伊凡四世的声音沙哑,死死盯着跪在地上的传令兵,眼神里的疯狂几乎要溢出来
传令兵趴在地上,浑身颤抖:“陛下……大夏的火炮太厉害了……咱们的骑兵根本冲不上去……瓦西里将军他……他被一枪挑落马下,尸体都没抢回来……”
“废物!一群废物!”
“连个南蛮子都挡不住!朕养你们有什么用?!”
伊凡四世猛地踹翻面前的矮桌。
波波夫颤巍巍地上前,花白的胡子上还沾着雪粒。
他是从边境一路跑回来的,靴子磨破了,脚踝冻得发紫:“陛下,现在不是发怒的时候。大夏军已经过了冻土原,最多三日就会兵临城下……咱们得想办法啊!”
“想办法?”
伊凡四世突然笑了,笑声凄厉得像夜枭。
米哈伊尔抱着一份卷宗进来,脸色惨白:“陛下,国库……空了。
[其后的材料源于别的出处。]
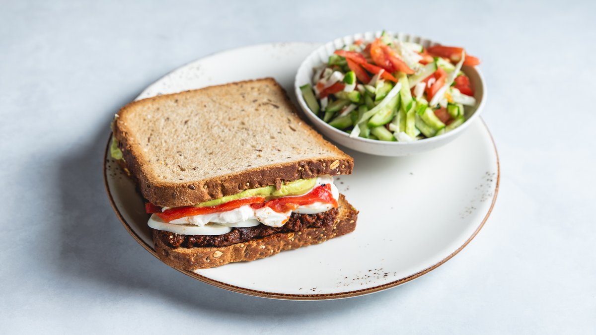 ממרח אבוקדו קרמי, גבינת שמנת, פלפל קלוי מתוק, ביצה קשה ועגבניות מיובשות בלחם קסטן דגנים מוגש עם סלט ירקות אישי רענן

最后一批白银昨天刚运到前线,还没来得及发给士兵,就被大夏军截了……”
“空了?”
伊凡四世踉跄着后退两步
“连最后一点家底都没了?”
“你说,要是朕现在去跟王白求和,他会答应吗?就像上次那样,割地、赔款……朕都答应!”